Living in the Pittsburgh area, Christmas celebrations are a blend of many different ethnicities. During the days before Christmas there is a Peoples Gas Holiday Market in the downtown area, which is patterned after the Christkindlemarkt created in 1545 in Nuremberg, Germany, and the Christkindlmarket in Chicago, Illinois.

The city is also lucky enough to have a replica of the Vatican’s Crèche, which is built in St. Peter’s Square in Rome every year. It is a larger-than-life replica, and it is beautiful. The Herbal Husband and I visited several years ago. It has become a popular tradition for many families to visit this attraction every season. I wanted you to see the Crèche at night. I found a beautiful photo taken by Dr. Dennis Woytek, an assistant professor of Journalism and Multimedia Arts at Duquesne University. Dr. Woytek has a blog, The Woytek Blog, talking about his travels and this Crèche. If you are in the Pittsburgh area, the Crèche is a not-to-be-missed Christmas experience.

Vatican Creche

Vatican Creche
Be sure to visit the Pittsburgh Creche at night, when it is at its most beautiful. Photos Courtesy Dr. Dennis Woytek, The Woytek Blog.

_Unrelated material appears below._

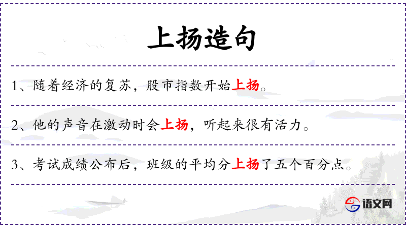 1. 【上扬】 (数量、价格等)上升:收视率~|租金~。

My Favorite Christmas Herb Books

This time of year, two of my favorite herbal authors are Adelma Grenier Simmons and Bertha Reppert. Simmons wrote a number of herbal books, but one of my favorites is A Merry Christmas Herbal, which was published in 1968. Simmons considered Christmas to be a season all by itself. In another one of her books, Herb Gardening in Five Seasons, at Caprilands (her famous herb farm) they celebrated Christmas from St. Nicholas Day, December 6, to Twelfth Night, January 6, extending the season.

Find Simmons’ books at

Herb Christmas Books
These are two of my favorite herb books by Adelma Grenier Simmons. Photo By Nancy Heraud.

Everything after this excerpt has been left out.